Catherine Fonck, c’est la génération Milquet, le prototype de l’élue CDH qui n’a pas connu l’époque (bénie) du PSC. Médecin spécialiste en néphrologie, habitante de Frameries, dans le Borinage, elle a changé de vie en 2004 pour devenir ministre de l’Aide à la jeunesse. Elle préside aujourd’hui le groupe CDH à la Chambre, où ses interventions inspirent le respect de ses collègues. Depuis 2009, elle est cependant l’éternelle oubliée des castings ministériels centristes.

Le Vif/L’Express : Le gouvernement Di Rupo, auquel participe le CDH, vient de fêter ses deux ans d’existence. Mission accomplie ?

Catherine Fonck : Ce gouvernement a atteint 90 % de ses objectifs. Il y a deux ans encore, on parlait de la fin de la Belgique. On était en passe de subir le même sort que la Grèce et l’Espagne. Aujourd’hui, les Pays-Bas et la France nous envient. On a pu revendre une de nos banques avec un beau petit pactole à la clé, ce que personne n’aurait imaginé. Et maintenant, les écolos nous disent : c’est un bijou de famille, vous auriez pu spéculer… Alors qu’ils ont hurlé quand on a dû assurer l’épargne de plusieurs millions de Belges. On entend tout, quand même !

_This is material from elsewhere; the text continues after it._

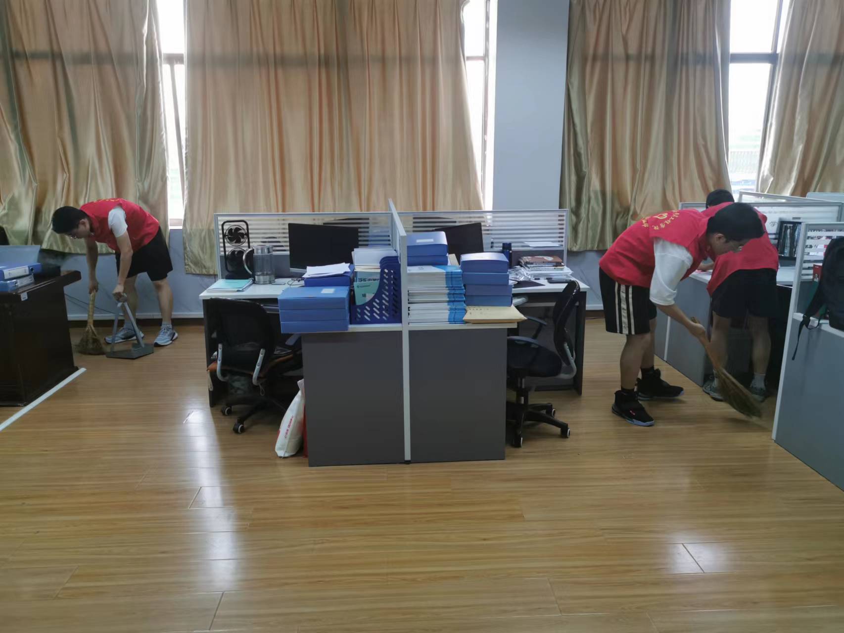 主动为教师清理办公室。扫地、拖地、擦桌子、清理卫生死角、倒垃圾等,同学们在志愿服务的同时也收获到了一份快乐和喜悦,更重要的是让大家从中感受到老师们在工作岗位上认真、勤恳、敬业的态度,增强了同学们对于老师的认可和理解,营造了健康和谐、积极向上的师生氛围。

Qu’est-ce qui vous empêche d’être complètement satisfaite ?

L’heure n’est pas à l’euphorie. Je croise tous les jours des parents qui me disent : mon fils a déjà écrit partout, pour lui, il n’y a pas de job. Là, il reste du pain sur la planche. Benoît Lutgen l’a dit : il faut une révolution fiscale. Des efforts ont été demandés à la population, il faudra un retour vers les citoyens quand la situation budgétaire sera meilleure. Et, je vais le dire platement, un retour dans la poche des citoyens : pension et salaire. Les gens qui travaillent doivent gagner plus. Le différentiel entre les bas salaires et les allocations de chômage doit augmenter. Cela fait des années que tout le monde le dit, mais rien ne bouge.

Justement, pourquoi le gouvernement n’a-t-il pas engagé cette réforme fiscale que tous les partis appellent de leurs voeux ?

En réalité, ce gouvernement a bien travaillé, mais il a eu le nez dans le guidon. Après le 25 mai 2014, on aura cinq années sans élection. Il faut profiter de ce moment exceptionnel pour développer une vision à long terme, notamment sur l’allongement de la vie et le vieillissement de la population. Le gouverneur de la Banque nationale, Luc Coene, veut augmenter l’âge légal de la pension. Je ne suis pas d’accord. Si vous portez l’âge légal de la retraite à 67 ans, quel sera le résultat ? Rien du tout. Aujourd’hui, l’âge effectif du départ à la pension se situe entre 58 et 60 ans. On est encore loin des 65 ans. On va tous devoir travailler plus longtemps, mais pour y arriver, il faut améliorer la qualité de vie des gens qui restent au travail. Là se situe tout l’enjeu.

Vous avez durement critiqué la proposition de Willy Demeyer (PS), bourgmestre de Liège, de légaliser les salles d’injection de drogue, dans une optique de santé publique. Pourquoi ?

Légaliser les salles de shoot, c’est légaliser l’héroïne et la cocaïne. Pour moi, un Etat n’a pas pour objectif d’organiser, mais de diminuer la consommation de drogues dures. La drogue, c’est l’horreur. Les gens sont brisés. Des overdoses, quand je travaillais en salle d’urgence, j’en ai vu beaucoup. Le modèle que propose le PS à travers cette proposition de loi, c’est un modèle de société sans repères. Bien sûr, il faut entourer les drogués, mais pas leur dire : on va te mettre un peu de musique, et vas-y, shoote-toi. Là-derrière, il y a un débat fondamental : veut-on une société où les drogues sont légales ? Le PS et Ecolo veulent cette société. Nous ne la voulons pas.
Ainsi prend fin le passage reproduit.